Short Story behind the Short Story: stand in cinderella
At sixteen I left home to attend a theatre school and train as a dancer. Within a year the course I was on had folded and we dancers were shifted onto the adjacent year’s Musical Theatre course, where the entry age had been eighteen. In effect, this meant that my fellow students were now at least two years older than me. As a teenager, that’s a big age gap.
It was a good college and a good course, but for me the move was probably nothing short of a disaster. I had a natural affinity for poetry and the rhythms of prose. I could act well enough, memorise lines easily, but I really couldn’t hold a tune. And on a Musical Theatre course that was always going to be a problem.
At the time I truly believed I was tone deaf. I wasn’t. Not many of us are. Researchers estimate less than 5%. Tone deaf is a widely misunderstood concept that implies a fundamental and unchangeable trait. Whereas, for most of us, not being able to hold a note is really just a matter of confidence and a little training of the musical ear. At sixteen, I didn’t have either.

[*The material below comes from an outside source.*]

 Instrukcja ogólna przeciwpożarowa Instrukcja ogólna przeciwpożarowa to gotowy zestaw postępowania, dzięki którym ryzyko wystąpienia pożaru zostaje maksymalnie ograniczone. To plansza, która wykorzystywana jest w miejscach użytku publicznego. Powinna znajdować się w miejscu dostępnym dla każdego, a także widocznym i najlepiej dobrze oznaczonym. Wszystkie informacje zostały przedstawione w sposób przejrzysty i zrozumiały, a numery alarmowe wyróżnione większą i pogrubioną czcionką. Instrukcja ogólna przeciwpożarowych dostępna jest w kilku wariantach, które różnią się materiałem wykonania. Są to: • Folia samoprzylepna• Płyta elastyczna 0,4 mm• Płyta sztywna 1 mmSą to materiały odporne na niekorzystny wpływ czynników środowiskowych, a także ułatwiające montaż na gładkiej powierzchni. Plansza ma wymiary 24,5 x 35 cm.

I'm happy to say that things have changed. Either that or I’ve stopped caring; a huge benefit of growing older and wiser. Take a look, for example, at this picture of me and my good friend Becky belting out karaoke on my 40th birthday.
Bex was one of those original dancers, someone I’ve known since I was sixteen. Nowadays she’s a great Pilates teacher and if you live in London area you can find find her website here. I strongly believe that a rigorous physical training at such a young age, stays with you. The body remembers. But that’s a whole other blog …
And if that photo didn’t convince you maybe this will.
It’s a screenshot of my results from this super-fun test at Tone Deaf Test
So, if like me, you’ve always harboured a belief that you can’t sing, I urge you to go ahead and try the test. Even if it only gives you the confidence to belt out tunes in the shower, that’s enough to raise your happiness level.
Sceptical about that? Read this from How Stuff Works
Anyway, I digress. Sort of. You opened this blog to find the story behind the story. So here it is …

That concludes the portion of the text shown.